> [ABOUT THIS TASK] Records follow. Print exactly the lines from the one that has "Set of six cards" through the one that has "Europäischer Wetterbericht. Beilage", inclusive, and omit the pictures.

> [ENTRIES SHOWN]
----------------------------------------
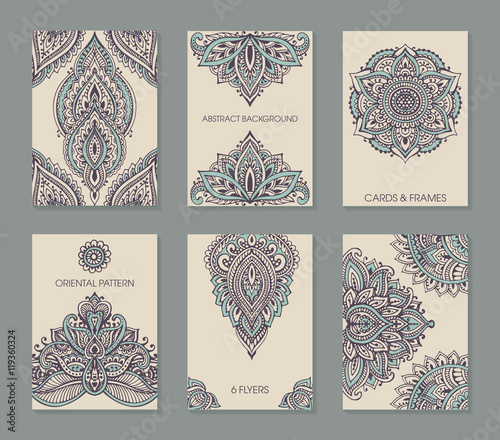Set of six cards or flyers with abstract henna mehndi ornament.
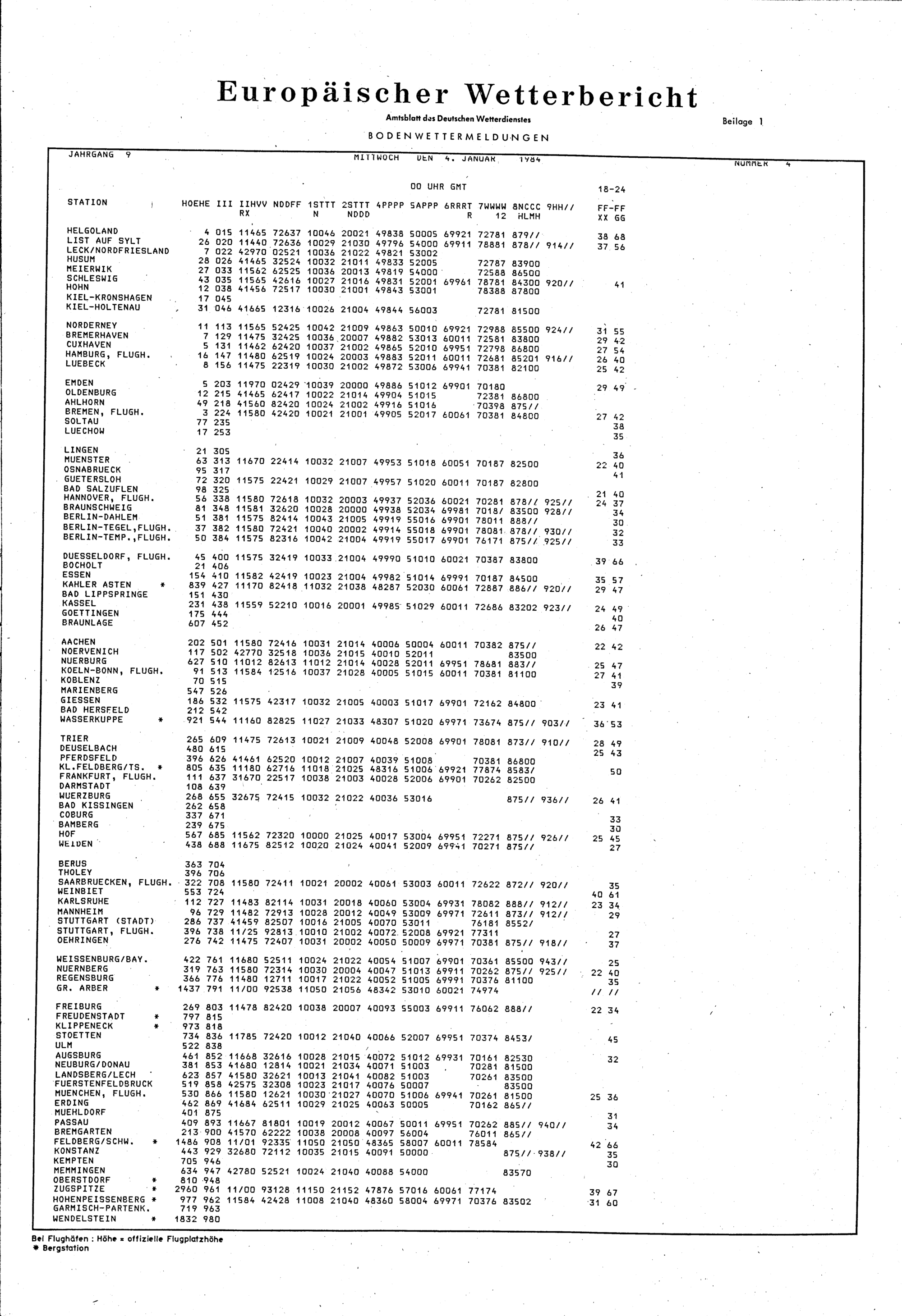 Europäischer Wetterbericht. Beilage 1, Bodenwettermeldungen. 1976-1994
----------------------------------------
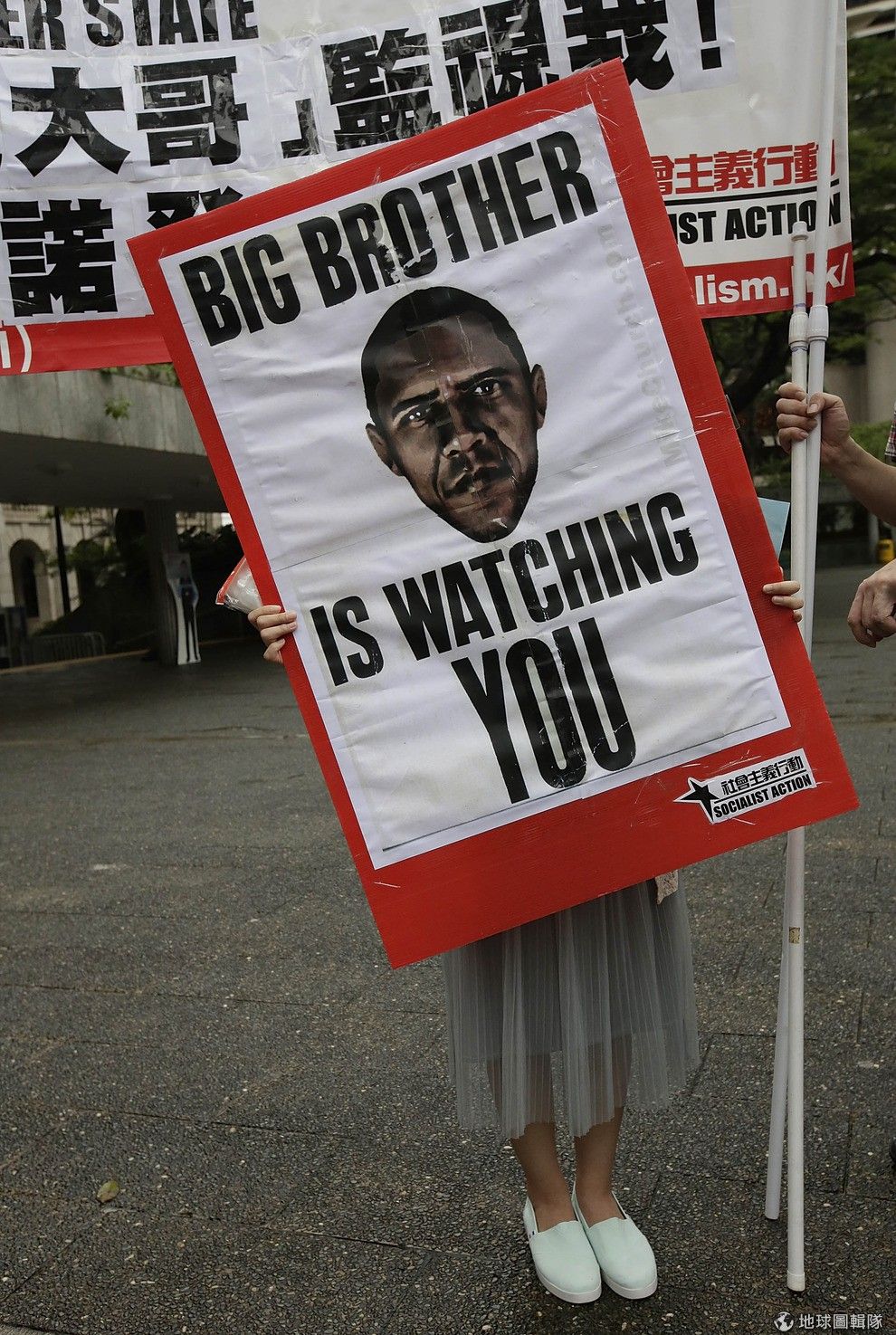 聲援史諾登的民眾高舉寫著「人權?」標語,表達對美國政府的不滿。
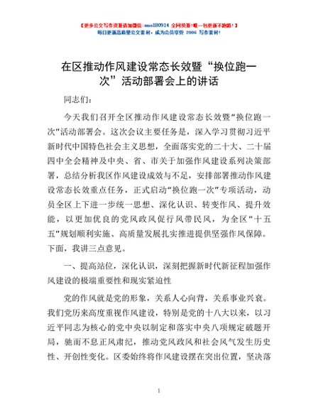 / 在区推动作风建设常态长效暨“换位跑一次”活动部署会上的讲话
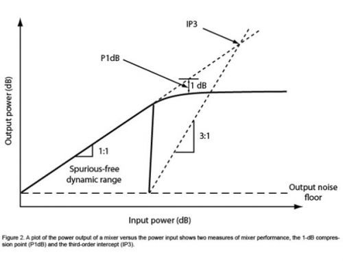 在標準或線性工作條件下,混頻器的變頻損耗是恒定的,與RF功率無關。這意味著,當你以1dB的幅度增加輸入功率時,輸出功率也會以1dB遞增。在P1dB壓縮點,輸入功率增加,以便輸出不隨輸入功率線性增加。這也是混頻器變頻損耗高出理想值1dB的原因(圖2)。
----------------------------------------
> [SOLUTION TO THIS PROBLEM]
Set of six cards or flyers with abstract henna mehndi ornament.
 Europäischer Wetterbericht. Beilage 1, Bodenwettermeldungen. 1976-1994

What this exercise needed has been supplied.